About a Frame

Ramblings of a former TV producer

The Fish That Won’t Die.

I’ve moved on from TV. This year, I’m laying it all on the line and going after the dream of telling one story, at the cost of everything that’s dear and important to me. It’s to help a people that changed my life, and who I truly believe in, and if I can get this story told, properly, I will be firmly reassured that ‘anything can happen.’I believe this, I’ve experienced it, but it’s been a while, and I’m simply seeking affirmation of sorts.

I might be ready to give up on TV, the place where I saw affirmation in my professional life, but TV’s not so ready to give me up quite yet. I still get offers to do adventure shows, or to take off to some jungle to be a hermit and film animals, and future financial necessities might just see me on a plane to some far off destination again. But, for as long as I can help it, I want to stay on the ground.

The one thing that does make me smile about those haunting door knocks is the response I still get for my first baby, the closest idea to my heart: Fisher Kings - a TV series exploring the lives of disappearing artisan fishing communities around the globe. Created by me, developed by Mira Chang (mentor and director/DP of most of the big docs earlier in the decade), and shot with my good friend Michael Husvar, and, of course, my brother Charl Hodges. In the past few months everyone from Discovery en Español, Animal Planet, Nat Geo, and now even international networks ring my phone, ask about the project, and go away. I’m not giving it much sweat, but, this is another reminder that a good idea never dies, it just might spend a very long time finding legs. And sure, odds are that, just like everyone who calls, this morning’s call will also lead to nothing, but I know that I’m not a hack with a delusional idea. This realization is not just based on past experience but because my gut tells me that with Fisher Kings I had a good story to tell. And this time, with my little movie that WILL, I also have that gut feeling, but this time is multiplied by a thousand.

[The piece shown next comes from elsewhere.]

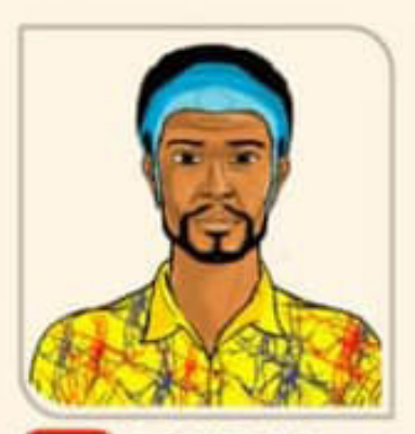
DON'T: Wear on forehead

So the lesson of 2011 is, keep on fighting if you truly believe your project has merit. It might not be tomorrow, or this year, but if you build the story, using the fire in your belly, someone will listen; someday. Perhaps someday very soon.

Godspeed; kenbe fem.

(And yes, the trailer is cheesy, and the actual concept has more merit. This was all executed to the desires of interested networks. For an explanation as to why I, and many others resort to such a desperate move visit THIS link and fast forward to minute 6. Another lesson to be learned.)